Flowmon is a name for monitoring probe which is the result of academic research activity on CESNET and also a name for a commercial product which is marketed by university spin-off company Flowmon Networks.
Contents
Flowmon probe - result of research activities
Flowmon probe is an appliance for monitoring and reporting information of IP flows in high-speed computer networks. The probe is being developed by Liberouter team within the scope of CESNET research plan Optical National Research Network and its New Applications, research activity 602 - Programmable hardware.
Flowmon probe is build upon a pair of programmable network cards, called COMBO, and a host computer with Linux operating system. The pair of COMBO cards consists of a main card with PCI, PCI-X or PCI-Express connector for a connection to a motherboard of the host computer and of an add-on card with 2 or 4 network interfaces. Both cards contain programmable chips (FPGAs) which are able to process high amount of data at multi-gigabit speed. The flow monitoring process itself is split between the hardware (acceleration cards) and the application software running on the host computer. Following the principle of hardware/software codesign, all time-critical tasks are implemented in FPGA chips on acceleration cards while more complex operations are carried out by the application software. This concept enables monitoring of modern high-speed (1 Gbps, 10 Gbps) networks with no packet loss and with no necessity of input sampling. At the same time, a flexible and user-friendly interface is provided by software.
Flowmon probe is a passive monitoring device, i.e. it does not alter passing traffic in any way. Therefore, its detection is hardly possible.
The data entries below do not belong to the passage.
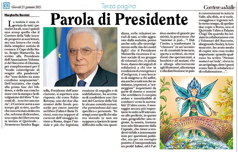 Dell'iniziativa. che risale alla prima fase del lockdown. e della sua conclusione con la stampa e la divulgazione del libro di racconti "... Io scrivo una storia", il Corriere aveva a suo tempo già scritto, quello che non era stato detto era che, nel mese di dicembre, una copia del libro era stata inviata al Quirinale... Nemmeno Sandra Bagatella, Presidente dell'associazione. si aspettava una risposta; chi come Fabio Roseyaz, uno dei due illustratori delle favole prescelte per essere inserite nel libro (l'altra è Ilaria Ticino) non era neppure al corrente dell'omaggio inviato a Roma, dopo l'iniziale e più che legittima reazione di orgoglio e di soddisfazione, ha accettato di condividere con i lettori del Corriere della Valle alcune considerazioni, che prescindono dal caso specifico e personale.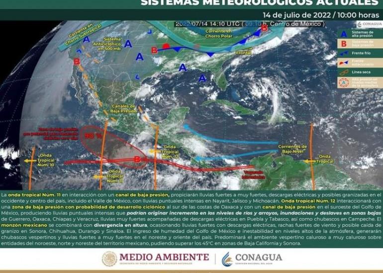 Con información proveniente del Servicio Meteorológico Nacional, se previene que existe un 15% de posibilidades de que se registren lluvias esta tarde.
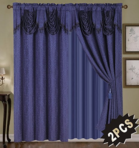 Luxury Embroidered Curtain Set. 4 Piece Navy Drapes with Backing & Valance & Tie Backs

When connected to a network, Flowmon probe observes all passing traffic/packets, extracts and aggregates information of IP flows into flow records. Flowmon probe is able to export aggregated data to external collectors in NetFlow (version 5 and 9) and IPFIX format. Collectors collect incoming flow records and store them for automated or manual and visual analysis (automated malicious traffic detection, filter rules, graphs and statistical schemas). The whole system allows monitoring of actual state of monitored network as well as long-term traffic analysis.
Flowmon probe is part of GÉANT2 Security Toolset, which consists of the netflow analysis tools NfSen and NfDump and the Flowmon appliance.
Flowmon solution - commercial product
Flowmon is network traffic monitoring and security solution of Flowmon Networks company. Flowmon Networks was established in 2007 as a university spin-off, made a technology transfer from CESNET (Czech NREN) and continue in R&D, finish prototypes and put them on the market.
Flowmon solution was initially based on Flowmon probes developed by CESNET. Nowadays Flowmon is a complete flow monitoring solution which consists of Flowmon Probes, Flowmon Collectors and additional modules - Flowmon ADS, Flowmon APM, Flowmon DDoS Defender, Flowmon Traffic Recorder. Flowmon Probes provide NetFlow/IPFIX statistics about network traffic and come in standard version suitable for most of standard networks (10Mbit/s - 10Gbit/s) or hardware-accelerated version based on CESNET's FPGA boards suitable for high-speed networks (10Gbit/s - 100Gbit/s). Flowmon Collectors are appliances for NetFlow/sFlow/IPFIX/jFlow/NetFlow Lite/Net Stream/cflowd storage and analysis. Flowmon modules extend the functionality of Flowmon Probes or Flowmon Collectors which brings additional functionality - e.g. network behavior analysis (NBA), application performance monitoring, anomaly detection, HTTP logging.